Sabtu, 13 Desember 2014

Pakaian Adat Maluku Utara

malukuutara.jpg
Sebagai wilayah bekas kesultanan, dalam lingkunngan memiliki kedudukan yang menunjukan gambaran fisik pada busana adat masyarakat Ternate dan Tidore dan memperlihatkan adanya perbedaan cukup spesifik antar kelompok masyarakat yang secara sosial. Begitu juga kesederhanaan yang menandakan dalam berbagai hal dan berpengaruh terhadap busana yang dikenakan oleh masayarakat Tidore dan Ternate pada umumnya. Lain halnya dengan busana yang dikenakan oleh kelompok berkedudukan tinggi. Dari faktor keturunan itulah di dalam lingkungan dapat dibedakan dari gaya hidup yang khas. Kekhasan tersebut tampak dalam tata cara berbusana mereka. Apalagi kehidupan mereka senantiasa diwarnai dengan berbagai acara seremonial, berupa upacara-upacara adat kesultanan pada masa itu maupun upacara yang berkaitan dengan siklus hidup manusia. Beberapa di antaranya yang masih dikenal hingga kini adalah upacara makan secara adat atau Sidego, upacara injak tanah atau Joko Kaha, dan upacara pengukuhan atau Uko Se Bonofo.
Untuk melambangkan status sosial dan usia dari orang yang memakainya. Secara umum busana adat tradisional yang dikenakan oleh kaum pria yang berasal dari golongan bangsawan terdiri atas jubah panjang yang menjuntai hingga betis atau lutut, celana panjang, dan ikat kepala.

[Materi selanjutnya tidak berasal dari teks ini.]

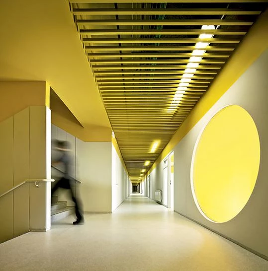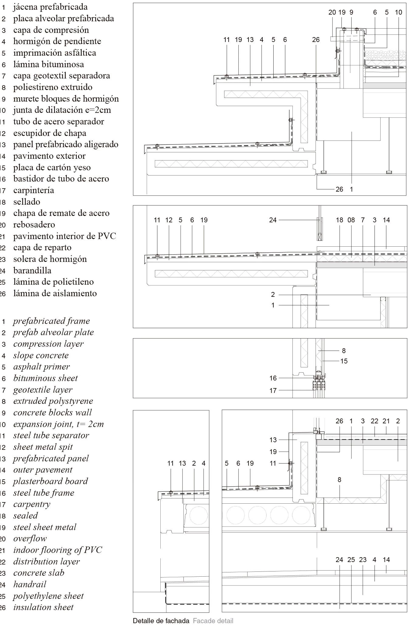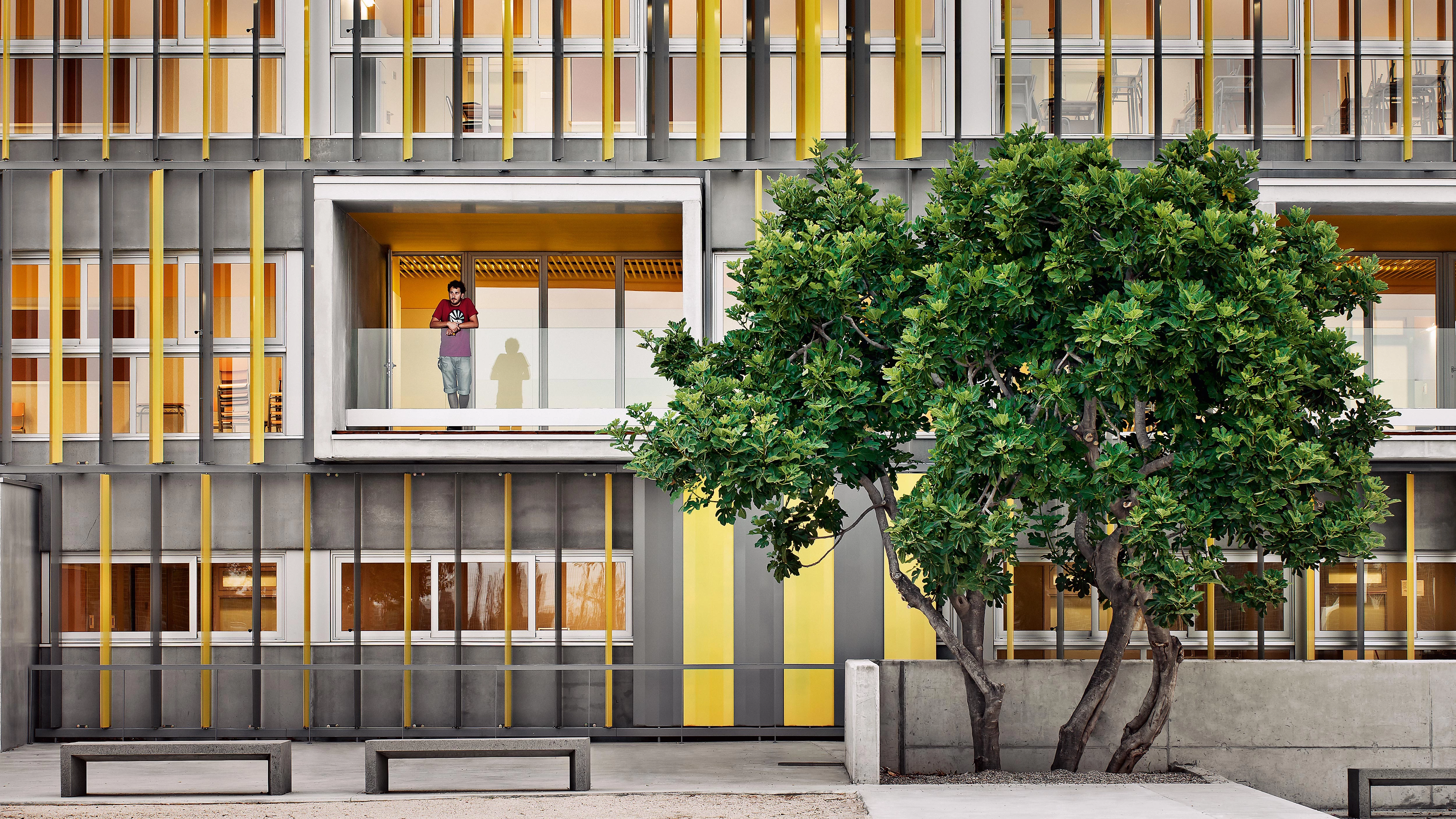 Los cerramientos se resuelven en hormigón prefabricado, con especial atención al control lumínico y acústico de las aulas. Para la protección solar se dispone en cada planta un sistema de lamas orientables lacadas alternativamente en plata y amarillo. Este sistema solo se interrumpe por las terrazas enmarcadas en gris a modo de ventanas a gran escala.
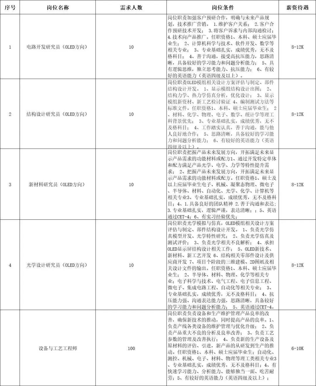 京东方校园招聘提供了140个招聘岗位,岗位信息如下图: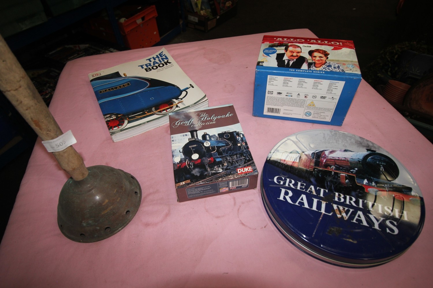 shelf full of items inc the train book,cooper victorian wash dolly and allo allo the complete series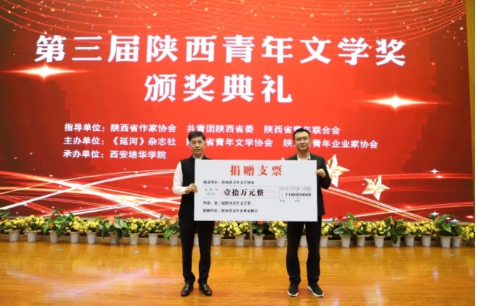 典禮現(xiàn)場(chǎng),陜西省青年企業(yè)家協(xié)會(huì)向陜西省青年文學(xué)協(xié)會(huì)捐贈(zèng)十萬(wàn)元,用于第三屆陜西青年文學(xué)獎(jiǎng)的頒發(fā)。
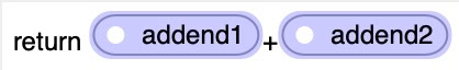 « addend1 » et « addend2 » sont des champs de saisie sur la page. Ce sont des éléments « Saisie de texte » classiques disponibles dans la boîte à outils de Sitely. Ils ont été tous deux définis sur « Exiger un nombre ». L’opérateur « + » entre eux indique à Sitely d’additionner les deux nombres. Vous trouverez ci‑dessous quelques exemples de formules mathématiques de base pouvant être définies dans un champ intelligent « Calculatrice ».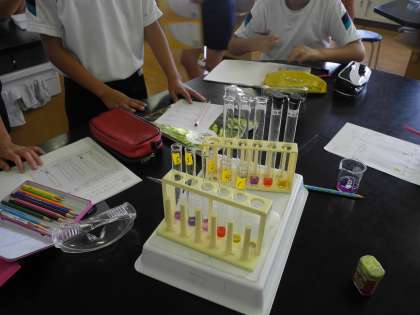 6年生は、理科の実験で、ムラサキキャベツのしるを使って、水溶液の仲間わけをしました。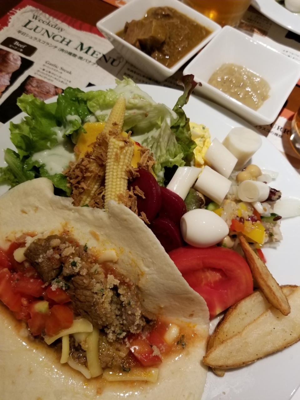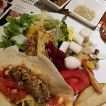 ランチタイムのサラダバーに、行きました。40種類のサラダ、ブラジル煮込み料理、ドリンクバー、デザート、チョコファンテンまでありました。タコスも、具材を自分で巻いて作れます!スパイシーなカレーもあります。プラスでお肉グリル料理を追加できますが、サラダバーだけで大満足でした!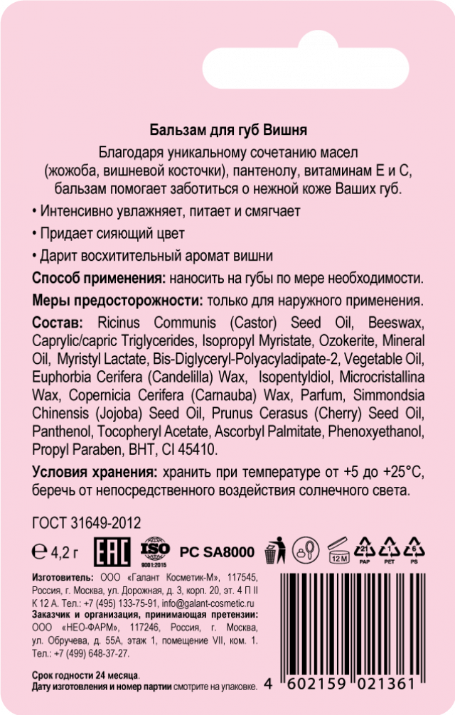 Состав: Ricinus Communis (Castor) Seed Oil, Beeswax, Caprylic/capric Triglycerides, Isopropyl Myristate, Ozokerite, Mineral Oil, Myristyl Lactate, Bis-Diglyceryl-Polyacyladipate-2, Vegetable Oil, Euphorbia Cerifera (Candelilla) Wax, Isopentyldiol, Microcristallina Wax, Copernicia Cerifera (Carnauba) Wax, Parfum, Simmondsia Chinensis (Jojoba) Seed Oil, Prunus Cerasus (Cherry) Seed Oil, Panthenol, Tocopheryl Acetate, Ascorbyl Palmitate, Phenoxyethanol, Propyl Paraben, BHТ, CI 45410.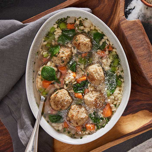 Feeds 2 peopleA hearty Italian Wedding Soup with hand-rolled all-beef meatballs and a medley of veggies and pasta. The perfect comforting soup for a chilly ev...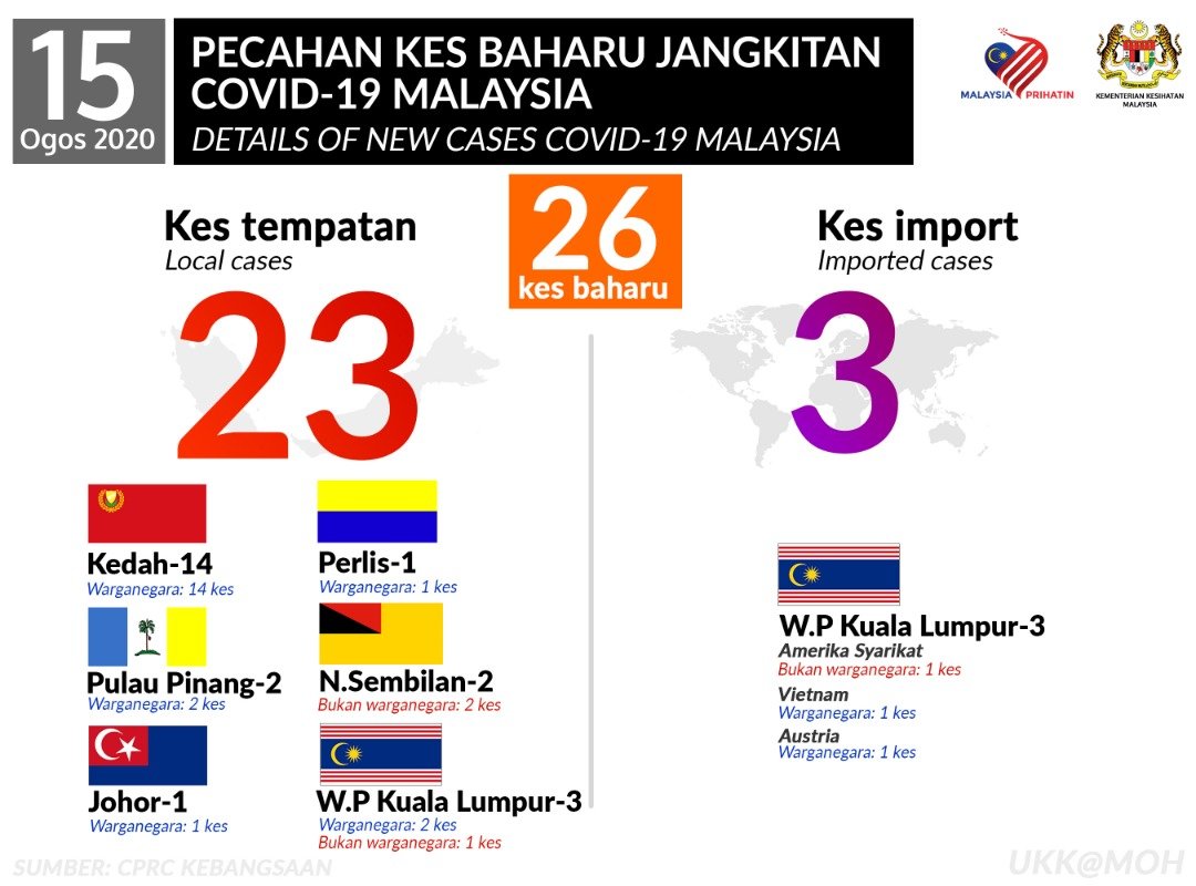 Statistik Pecahan Kes Baharu Jangkitan COVID-19 Malaysia 15/08/2020 Asrul Siaran Media 15 August 2020 Hits: 923 Rating: ( 0 Rating ) Please Rate Vote 1 Vote 2 Vote 3 Vote 4 Vote 5 Facebook Twitter Prev Next
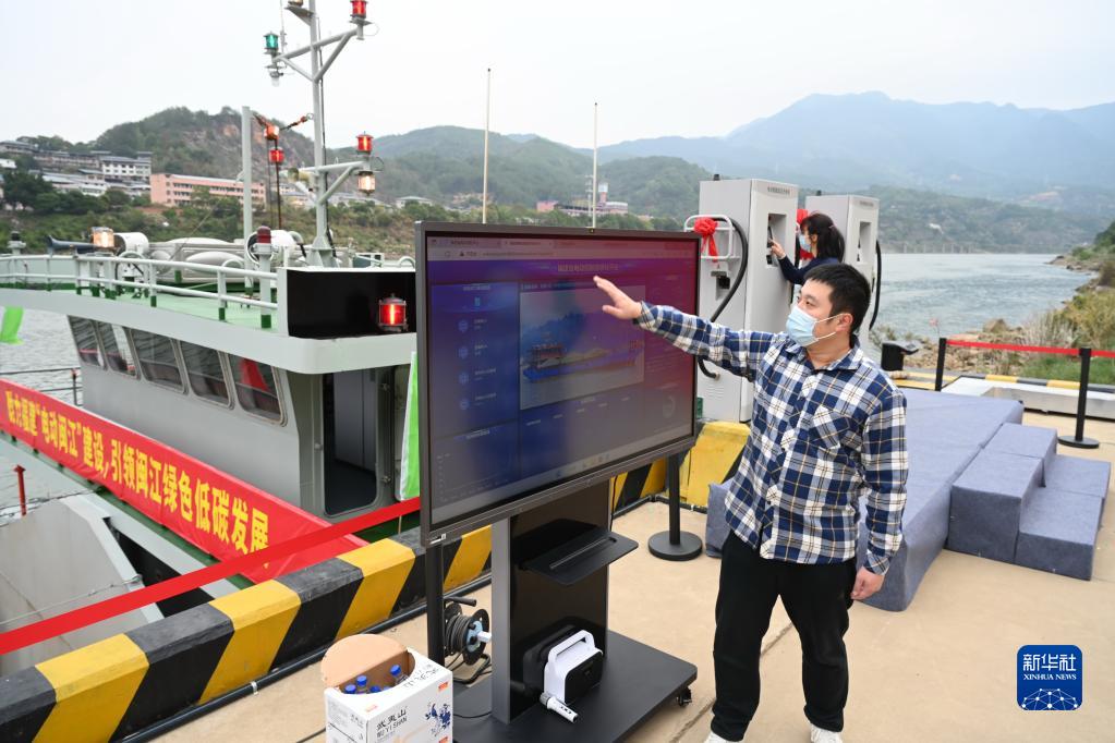 當日,福建“電動(dòng)閩江”首個(gè)電動(dòng)船舶直流充電示范場(chǎng)景在閩江水口壩區的海事碼頭正式啟用。它的投用將進(jìn)一步加快福建內河船舶綠色智能發(fā)展,提升閩江航運質(zhì)量效益。新華社記者 林善傳 攝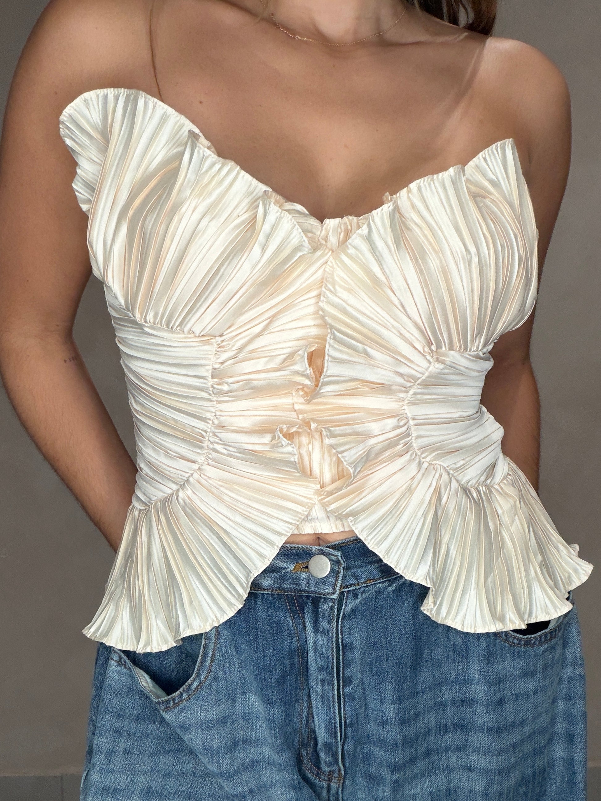 Champagne pleated ruffle top. Straps included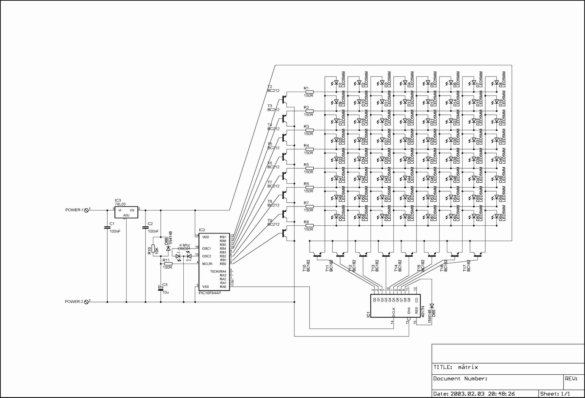 Pár éve a lomexben vettem egy 8x8-as kijelzőt hasonló feledatra. Egy régi Rádió Technika évkönyvben lévő kapcsolás volt az alap. Az abban lévő epromot váltottam ki egy 16F84-el. A program végtelenül egyszerű. Az Eagle-ben nem találtam oszcillátort, ezért egy duo LED-el helyettesítettem .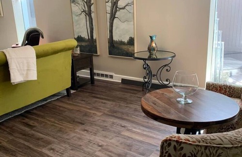 This beautifully renovated space is located in the lower- level of a well established Salon & Day Spa in Hickory, NC. The suite is equipped with private massage and facial areas with a range of luxurious services available to enhance your stay. Perfectly situated near the up and coming downtown where you will find shopping, dining and wine tasting. You are likely to find music and markets on weekends. This historical space has all the comforts of home with the luxuries of a relaxing getaway.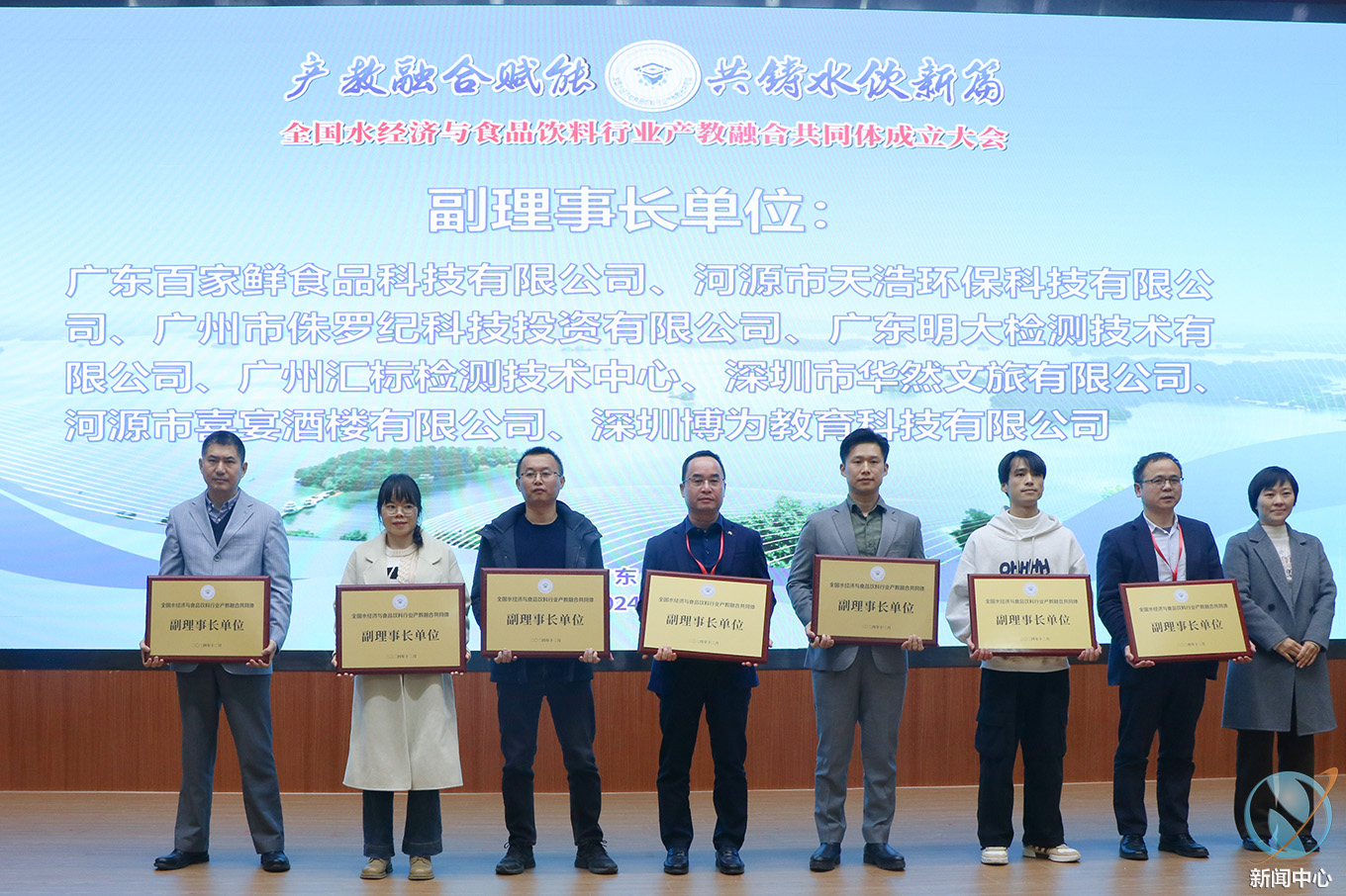 在共同体成员大会上,审议通过了《全国水经济与食品饮料行业产教融合共同体章程》,并宣布了理事长单位、常务副理事长单位和副理事长单位名单并授牌。

Dihiasi dengan kelengkapan dan karakteristik lainnya, Adapun busana adat untuk kaum wanita meliputi kebaya panjang dan kain panjang. dilengkapi dengan perhiasan yang disesuaikan dengan tingkatan sosial mereka, baik sebagai permasuri, pembantu permaisuri, atau diselaraskan dengan usia remaja mereka.
Pakaian Manteren Lamo (Sultan) yang terdiri atas celana panjang hitam dengan bis merah memanjang dari atas ke bawah, baju berbentuk jas tertutup dengan kancing besar terbuat dari perak berjumlah sembilan . Sementara itu, leher jas, ujung tangan, dan saku jas yang terletak di bagian luar berwarna merah. Konon warna tersebut melambangkan keperkasaan dari pemakainya. Selain itu, penampilan busana yang dikenakan oleh sultan tersebut dilengkapi dengan Destar untuk menutup kepala. Busana yang dikenakan oleh istri sultan terdiri atas kebaya panjang atau Kimun Gia, yang terbuat dari kain satin berwarna putih dengan pengikat pinggang yang terbuat dari emas, serta kain panjang. Perhiasan lainnya yang dikenakan oleh permaisuri tersebut meliputi kalung, bros, dan peniti yang terbuat dari intan, berlian, atau emas. Di samping itu, mereka juga mengenakan hiasan lainnya yang berupa konde yang berukuran besar, sedangkan konde kecil biasanya dipakai oleh pembantu permaisuri.
Sementara dari pakaian yang dikenakan golongan bangsawan remaja pria disebut baju Koja, yakni semacam jubah panjang dengan warna-warna muda seperti biru muda dan kuning muda. Konon warna tersebut untuk melambangkan jiwa muda dari para pemakainya yang masih remaja. Baju Koja tersebut biasanya berpasangan dengan celana panjang berwarna putih atau hitam, berikut Toala Polulu di kepalanya. Selain itu, ada juga pakaian yang dikenakan remaja putri biasanya memakai busana yang terdiri atas kain panjang dan Kimun Gia kancing atau kebaya panjang berwarna kuning, oranye, atau hijau muda dengan tangan yang berkancing sembilan di sebelah kiri dan kanannya. Tidak lupa, mereka pun menyertakan berbagai perhiasan seperti Taksuma, yakni kalung rantai emas yang dibuat dalam dua lingkaran; anting dua susun, sedangkan giwang tidak boleh dipakai oleh mereka; serta alas kaki yang disebut Tarupa.